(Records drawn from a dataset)

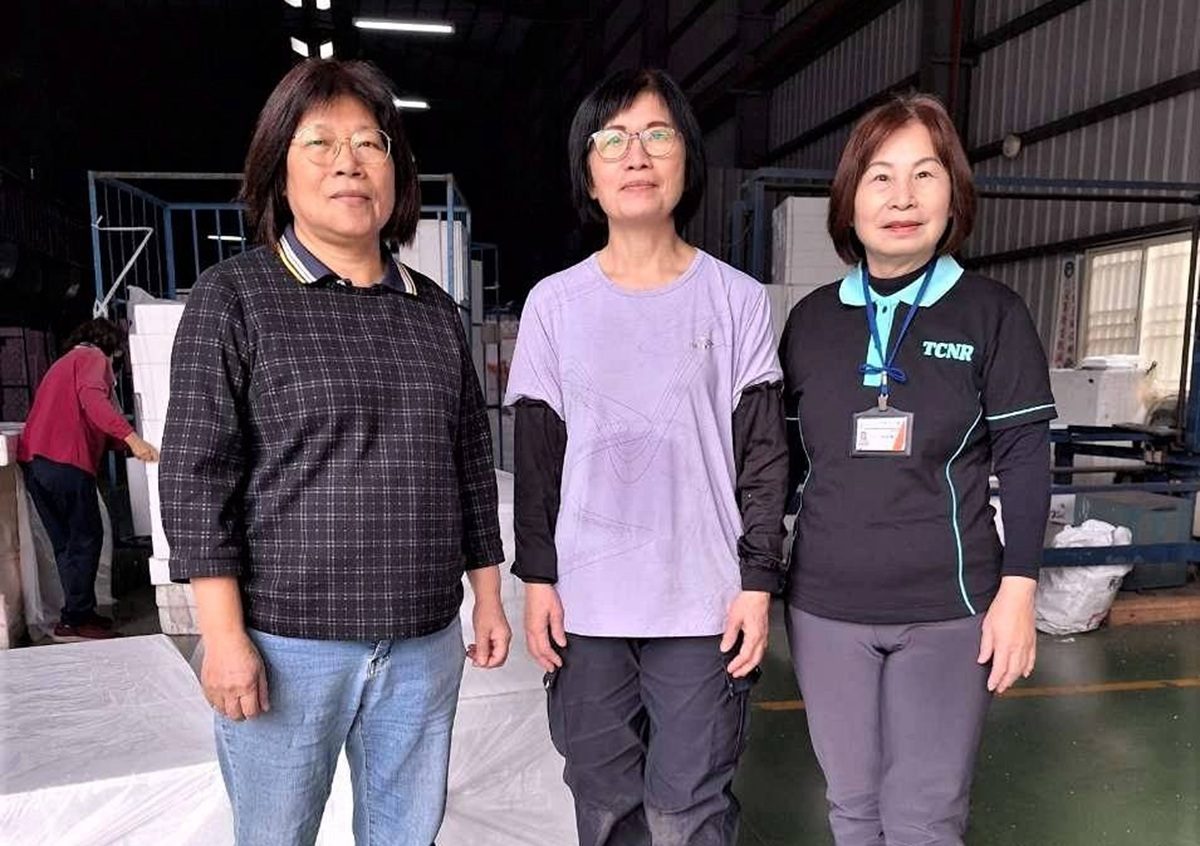▲員林就業中心大村臺外展人員(圖右)到場訪視,與涓姐(圖中)及禹泰工業資深入資(左)合影。(圖/中彰投分署提供)
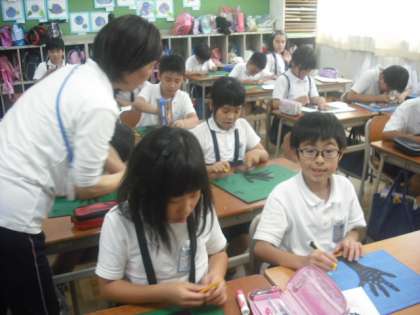 「カッターを使って」と題して、カッターナイフの使い方を学びます。
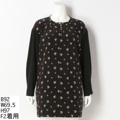 温もり感じるコーデュロイ生地にバード柄の刺繍を施した大人可愛いチュニックブラウス。
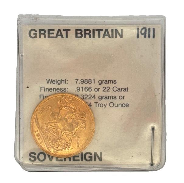A 1911 FULL 22CT YELLOW GOLD SOVEREIGN MINTED GREAT BRITAIN, WEIGHING 7.98GRAMS
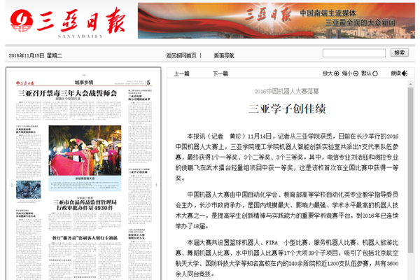 《三亚日报》报道我校学子在2016中国机器人大赛中荣获佳绩
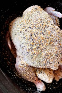 Remove chicken from slow cooker and season again if desired. The initial seasoning will be softened from the chicken juices. If you want the crunch of the seasoning, season once more.
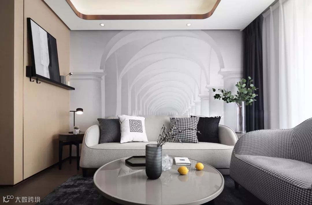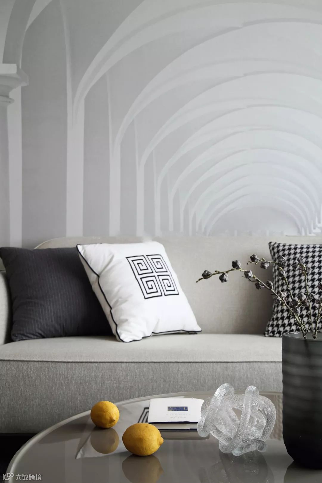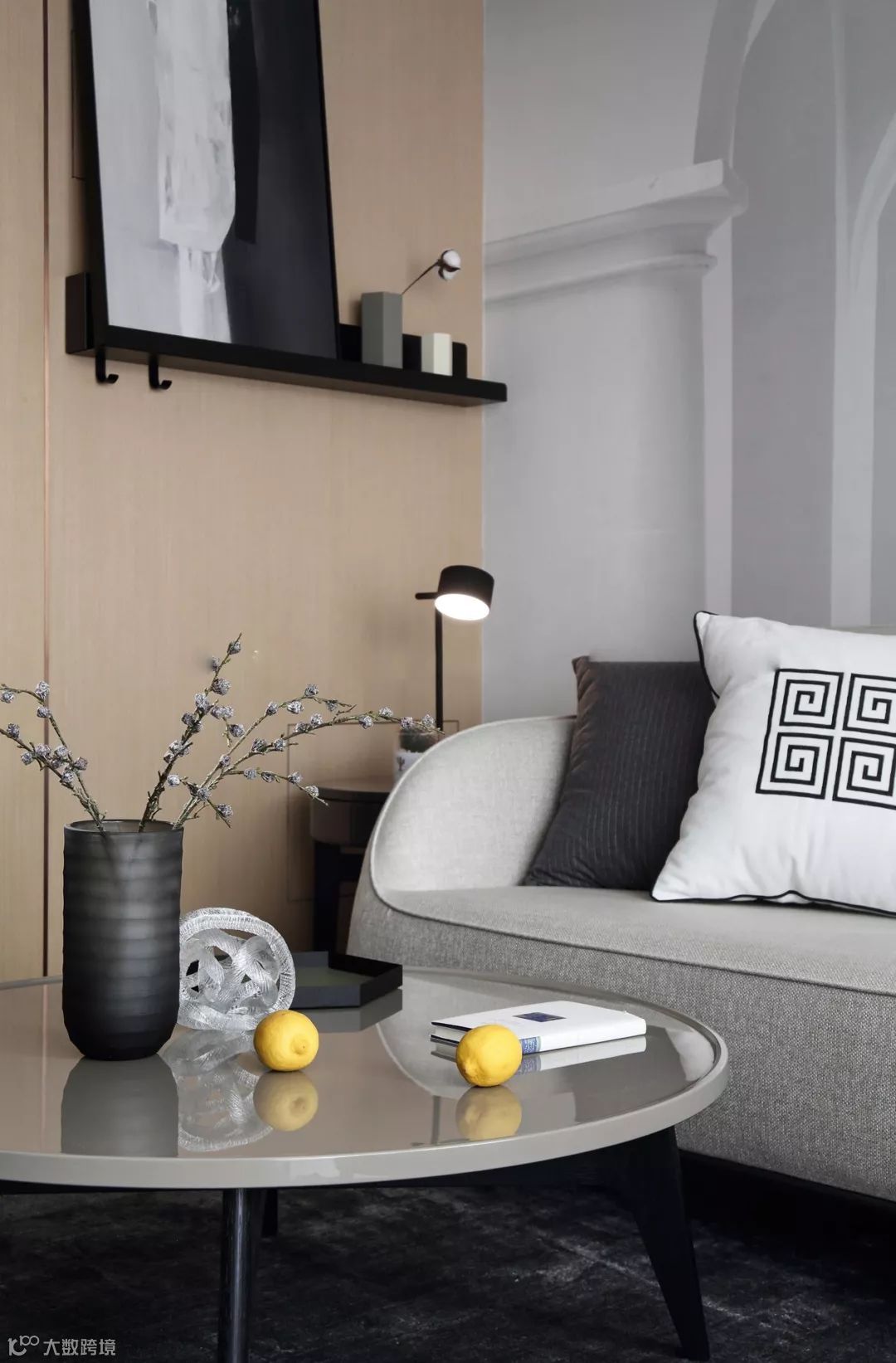 茶几上横纹渐变灰的花瓶与不规则水晶摆件,放在一起显得很有气质,高低落差之间使得空间更有层次感。

**WHAT NEEDS TO BE DONE**
Exactly as they appear above, write out all the entries, but not the images.

**WRITTEN SOLUTION**
▲員林就業中心大村臺外展人員(圖右)到場訪視,與涓姐(圖中)及禹泰工業資深入資(左)合影。(圖/中彰投分署提供)
 「カッターを使って」と題して、カッターナイフの使い方を学びます。
 温もり感じるコーデュロイ生地にバード柄の刺繍を施した大人可愛いチュニックブラウス。
A 1911 FULL 22CT YELLOW GOLD SOVEREIGN MINTED GREAT BRITAIN, WEIGHING 7.98GRAMS
 《三亚日报》报道我校学子在2016中国机器人大赛中荣获佳绩
 Remove chicken from slow cooker and season again if desired. The initial seasoning will be softened from the chicken juices. If you want the crunch of the seasoning, season once more.
 茶几上横纹渐变灰的花瓶与不规则水晶摆件,放在一起显得很有气质,高低落差之间使得空间更有层次感。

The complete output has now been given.